There was a consensus that AIDS-related malignancies are a significant and growing problem, and that specific initiatives will be needed to accelerate the pace of discovery in this research area.

• A specific problem that needs to be solved is providing access to samples and data from existing studies, particularly longitudinal studies in patients before they acquire cancer, such as in the ACTG trials. There should be an open and competitive mechanism for gaining access to tissue samples for meritorious research proposals. Similarly, there are many opportunities to gather additional information, or at least follow patient cohorts, in current and proposed clinical trials.
• Priorities for research include the screening of more targets, to decide which might be important to develop into drugs.

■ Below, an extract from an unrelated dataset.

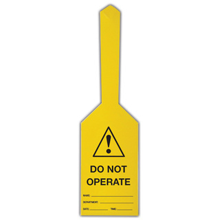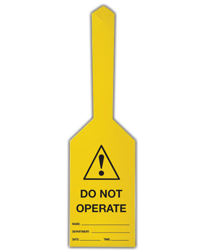 3. 170x80mm - Self Locking Tags - Pkt of 25 - (Caution Triangle & Exclamation Mark) Do Not Operate

• Development of animal models that are relevant to viral malignancies. At the basic level, there are unique opportunities to study the interaction between viral infection and immune response.

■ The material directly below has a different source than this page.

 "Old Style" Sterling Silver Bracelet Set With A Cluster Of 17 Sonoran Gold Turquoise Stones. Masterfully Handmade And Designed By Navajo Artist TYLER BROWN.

• There is a widespread perception in the extramural community that these research areas have a low priority at NIH. One action that might correct this perception would be to move viral lymphomas from Opportunistic Infections Special Interest Group (SIG) to the Clinical Oncology SIG, with ad hoc expertise as needed in viral oncology. However, there may not be enough proposals at present C 40 per year are needed to justify a separate study section, and at present there are only 5 to 10 per year.
• Dr. Feigal summarized the potential action items for the NCI to consider, and suggested that AMWG participants send her any further comments by email or fax. The NCI would welcome their ideas on ways to ensure that the work of the AMWG remains a dynamic ongoing process.